The finance ministry needed this law to meet the conditions of the Financial Action Task Force (FATF).
The draft law that was approved by the National Assembly and its standing committee but was objected by the upper house’s committee, saying that it would give extraordinary power to Federal Investigation Agency (FIA) to arrest anyone without any notice and arrest warrant.
However, after recommending a few changes, the Senate committee, chaired by Senator Farooq H Naik, approved the Anti-Money Laundering Bill 2019.
Earlier, Financial Monitoring Unit (FMU) Director General Mansoor Siddique briefed the committee on the proposed bill. He said that the government has proposed to attach for one year the properties of those people who had charges of money laundering.
The parliamentary panel approved the proposal to attach properties for six months to one year during investigations.
Taking another major decision, the Senate committee approved the initial investigation into money laundering cases by the FMU instead of other law enforcement agencies like FIA and police.

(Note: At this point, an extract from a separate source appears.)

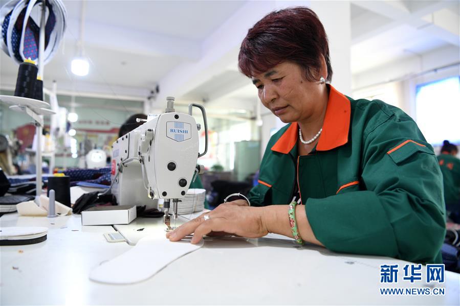 7月2日,臨夏縣百利布鞋加工農(nóng)民專業(yè)合作社員工在加工布鞋。甘肅省臨夏回族自治州臨夏縣將布鞋加工定為重點(diǎn)扶持發(fā)展的產(chǎn)業(yè),采用“政府+公司+貧困戶”的產(chǎn)業(yè)扶貧模式,由政府主導(dǎo)、企業(yè)出資,在貧困村建設(shè)“扶貧車間”,吸納貧困群眾從事布鞋加工產(chǎn)業(yè)增加收入。截至2019年底,當(dāng)?shù)夭夹庸て髽I(yè)和加工戶遍及近百個(gè)行政村,從業(yè)人員達(dá)到4000多人,累計(jì)生產(chǎn)布鞋600多萬(wàn)雙,實(shí)現(xiàn)銷售收入2.32億元。新華社記者范培珅攝

The committee further approved a 10-year sentence for money laundering, against the existing punishment of one to 10 years, besides a penalty of Rs10 million. The committee, in its previous meeting, had decided to keep the imprisonment term unchanged at 1-10 years and approved an increase in the fine amount from Rs1 million to Rs5 million.
The senators had disagreed with the impression from the government side that these amendments would strengthen its position before the FATF. They remarked that these issues could easily be settled with a better exchange of information among the financial institutions and improved governance.